Explaining what this book is "about" though, in a deeper sense - and there is a deeper sense - is well-nigh impossible. This difficulty arises from the fact that Jimson quotes Blake's prophetic and abstruse poems throughout the book. Indeed, they make up almost a fifth of the entire novel and seem to be the only thing in which Jimson staunchly believes. All this is to say that if you have a comprehensive understanding of Blake's mythology - Be clear though that Blake and Jimson emphatically do NOT regard it as mythology - you might understand this book. Any poor soul that's delved into Blake's arcana and tried to make sense of them knows full well what a bootless task this endeavour is. The only thing one can say with any degree of certainty is that Jimson, along with Blake, is the artist who thinks that the world can go hang. Art is the only reality.

Thus Jimson cadges, robs, nearly starves himself, murders (inadvertently, of course) in order to follow his pursuit. Be all this as it may, when all is said and done, it is Cary's gift with dialogue and Jimson's sharp wit that catch the reader and linger. Further, the book, for all its madcap drolleries, has a twilit shroud hanging over it. The reader knows from the first chapter that Jimson will die soon, and as Jimson says:

"Old men when they begin to hear the last trumpet, on the morning breeze, often have a kind of absent-minded smile; like people listening."
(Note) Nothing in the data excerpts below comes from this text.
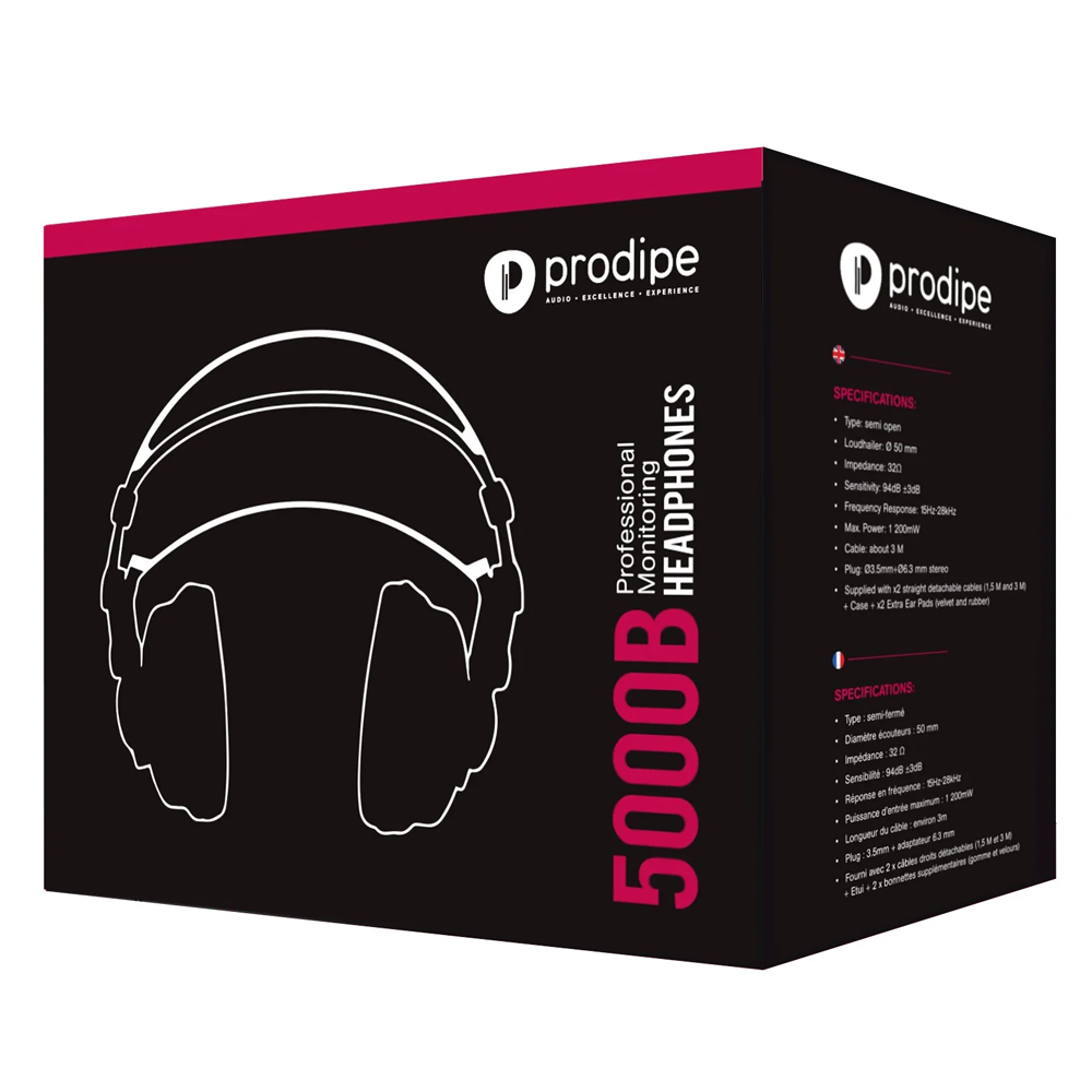Prodipe 5000B – це напіввідкриті студійні навушники, які призначені для складних умов прослуховування та високоточної роботи з моніторингу. Хороша шумоізоляція та дійсно комфортне прослуховування. Від професійного звукорежисера до вимогливого аудіофіла, 5000B пропонує виняткову та безкомпромісну передачу звуку для тих, хто шукає навушники високого класу.
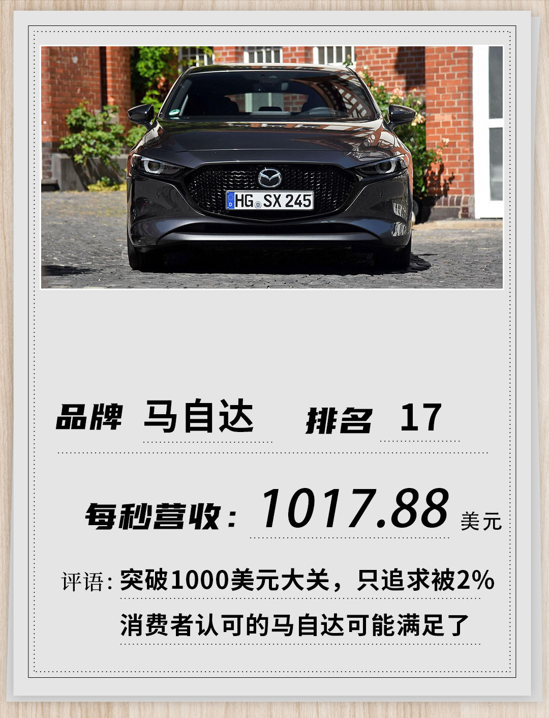马自达2019年营收321亿美元,不过就在今年品牌公布了2019财年营业利润下滑47%,创8年新低,而在本次的榜单中也只能排到倒数第三,平均每秒收入1017.88美元,约人民币7042元。但我们都知道马自达从来都不喜欢跟别人比,它目的是得到全球2%消费者的认可。
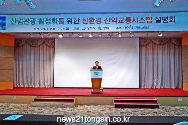 류태호 태백시장은 27일(화) 오투리조트 컨벤션센터에서 개최된 친환경 산악교통시스템 설명회에서 “산지가 대부분인 태백시가 산악관광의 최적지”라고 말했다.
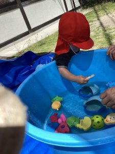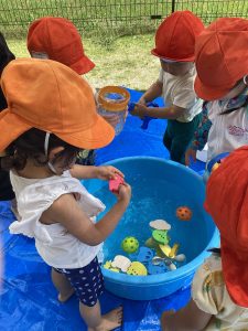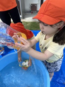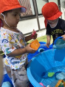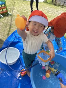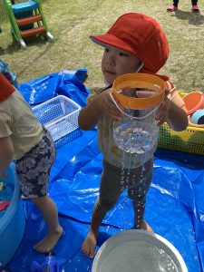 初めての保育園での水遊びのお友だちも、興味津々にしており、どんどん水に触れて遊んでいました🙄
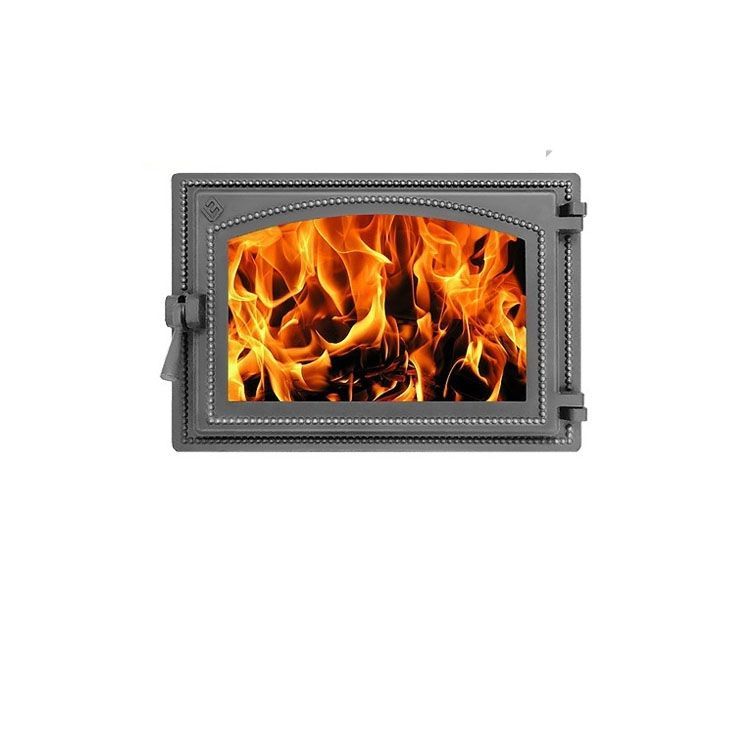 Это – удобная каминная дверца, которая обеспечивает высокий уровень пожарной безопасности, но выполняет между тем и декоративную функцию. Ее поверхность окрашена в элегантный оттенок антрацита, что позволяет использовать изделие для соответствующей модели камина. С одной стороны, такая дверца помогает создать постоянную тягу и обеспечить дополнительной тепло в помещении. С другой стороны, благодаря этой дверце, в дымоходе не скапливается сажа. А с третьей стороны, вставленное в нее прочное стекло позволяет любоваться пламенем камина. Чугунная дверца легко устанавливается на прочные и надежные крепления.
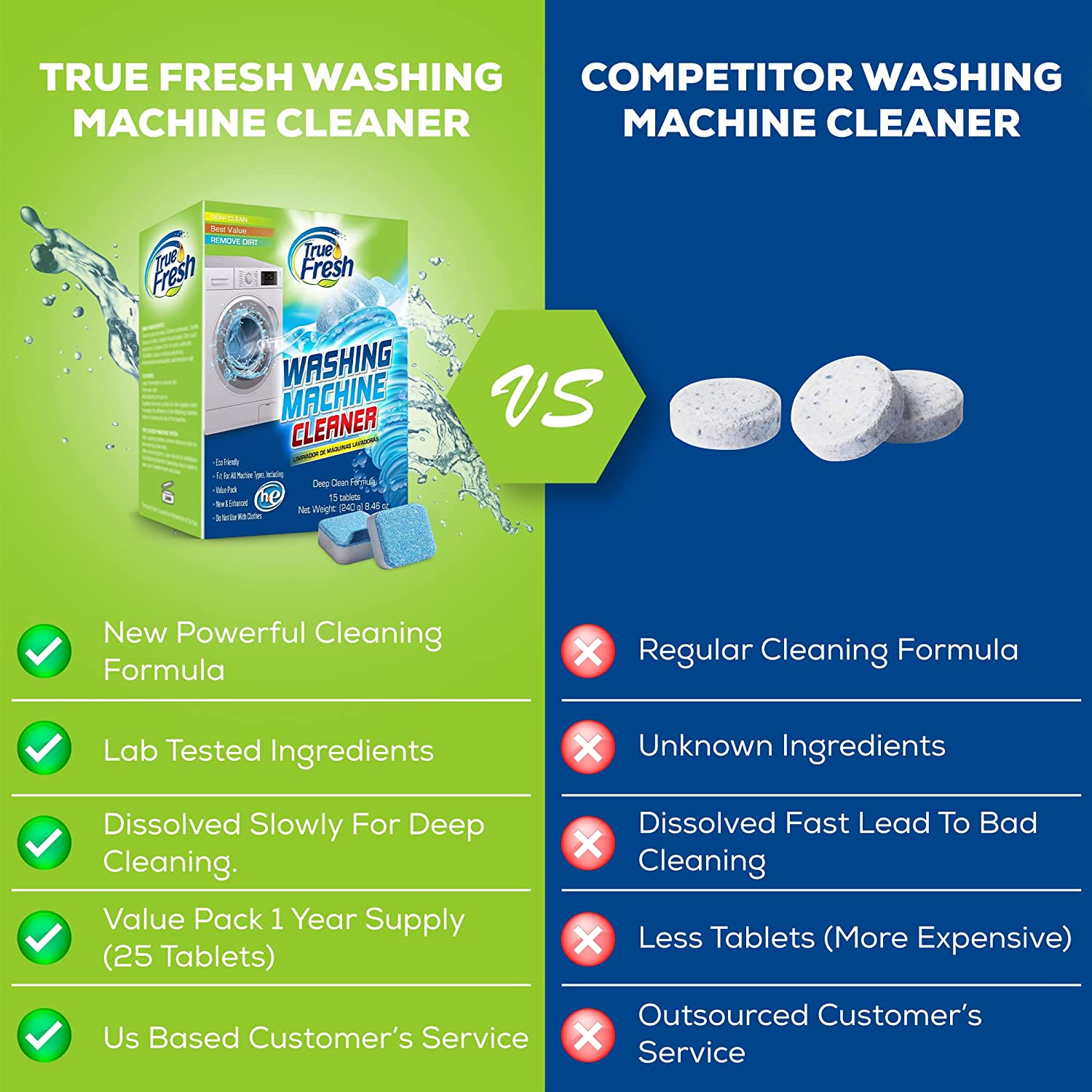 Washing machines are used frequently to clean clothes, bedding, and other household items, but they can quickly accumulate dirt and other unwanted particles. Over time, this buildup can lead to unpleasant odors and even damage to your machine. The True Fresh Washing Machine Cleaner is formulated to eliminate these issues and keep your machine running smoothly.
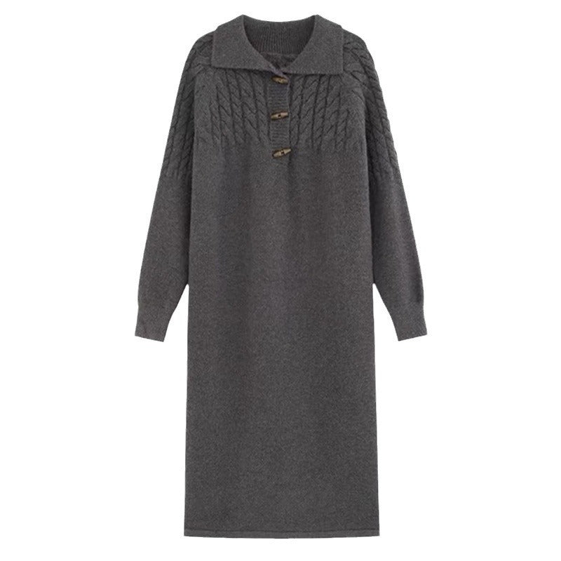 Discover our elegant women's knit dress with collar and button details from NOVAE, combining stylish comfort and timeless elegance. This dress is perfect for any season and offers an ideal combination of fashionable design and comfortable wearability.
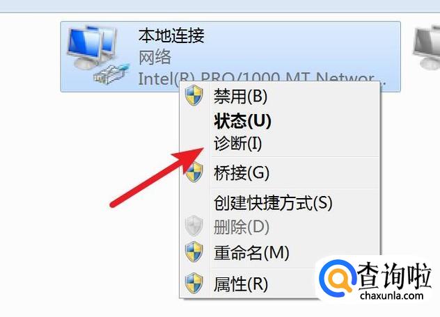 右键本地连接,然后点击‘诊断’
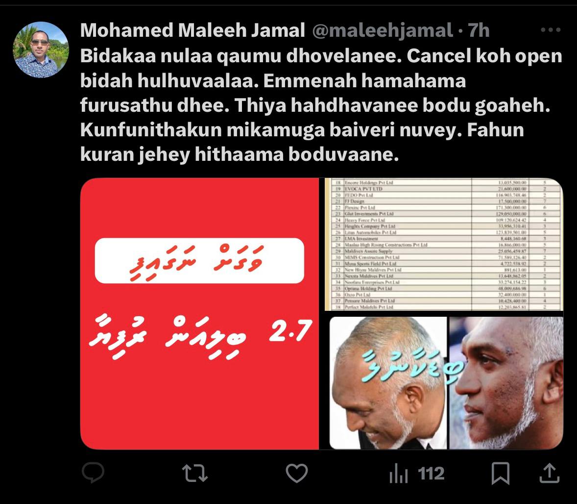މިގޮތުން މަލީހް އެކްސްގައި ކުރެއްވި ޕޯސްޓެއްގައި ބުނެފައިވަނީ 2.7 ބިލިއަނުގެ މި ވައްކަން ވަގުތުން ހުއްޓާލައި ދެފުށް ފެންނަ ބިޑަކަށް ހުޅުވާލުމަށް ގޮވާލާ ކަމަށެވެ.
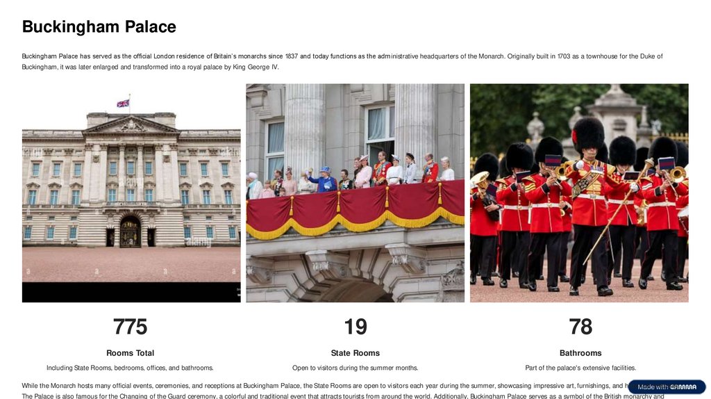 The Palace is also famous for the Changing of the Guard ceremony, a colorful and traditional event that attracts tourists from around the world. Additionally, Buckingham Palace serves as a symbol of the British monarchy and
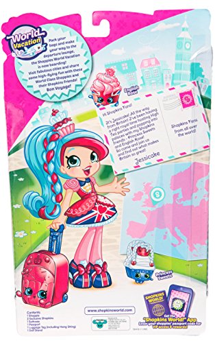 Each Shoppie comes with 2 Exclusive Shopkins, 1 suitcase, 1 Passport, 1 Luggage tag and 1 doll stand.
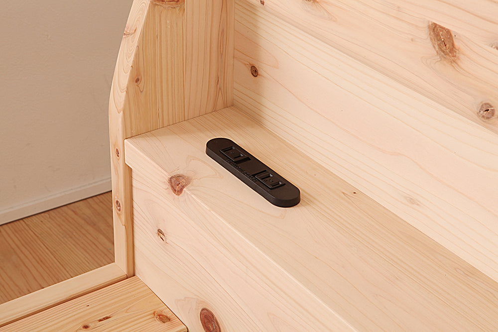 機能面も充実。ヘッド部分には奥行10cmの棚とコンセントを備え、スマートフォンなどの充電も可能。フレームはJIS規格の試験に合格しており、安心して長くお使いいただけます。高さは4段階に調整でき、床下を収納に活かしたり、掃除のしやすさを工夫したりと、暮らしに合わせてアレンジできます。
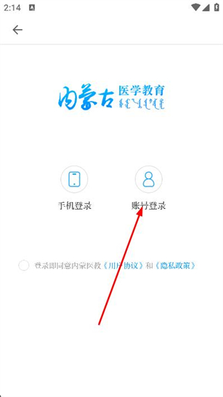 3、在登錄頁面中,選擇并點(diǎn)擊右側(cè)賬號(hào)登錄選項(xiàng)。
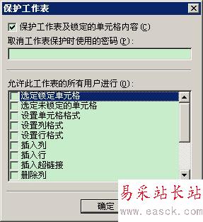 ⑥默認選中頭兩個“選定鎖定單元格”、“選定未鎖定單元格”,取消它們后,用戶將不能選中單元格。

It's no small task to wipe that smile off one's face after finishing this book.
Mr_Mix
One of the greatest novels of the 20th century. I don't know how Modern Library missed this one. Anthony Burgess regarded it as one of the greatest novels of the modern era and so did many other writers and critics. Joyce Cary is a master of colloquial British dialogue and the novel is both uproariously funny and metaphysically profound. Best of all are the unforgettable characters...,,Gulley Jonson, Sara Monday, et, al, Easily the finest novel about a painter and his art and one of my favorites. Easily in my top ten novels of all time
BOND
This is pure genius! LOVED Gulley, and his attitude and especially his crazy antics! Uproariously funny! What a pleasure!
Shaktit
A Classic novel beautifully written. Marvelous characters and realistic settings inhabited by an elderly painter who follows his art and heart. Arrived on time and in excellent condition.
Zacki
I have loved this book for about 60 years and re-read it regularly. I also love the movie starring Alec Guinness who wrote the screenplay.
Qucid
I thoroughly enjoyed this book, simoultaneously amused, puzzled and fascinated by the wierd shenanigans of Gulley Jimson's life style; his irresponsible, at times reprehensible behavior, his flights of imagination, and the way others relate to him.
You have to have the right sense of humor for this book but it is worth it. A classic that has stood the test of time.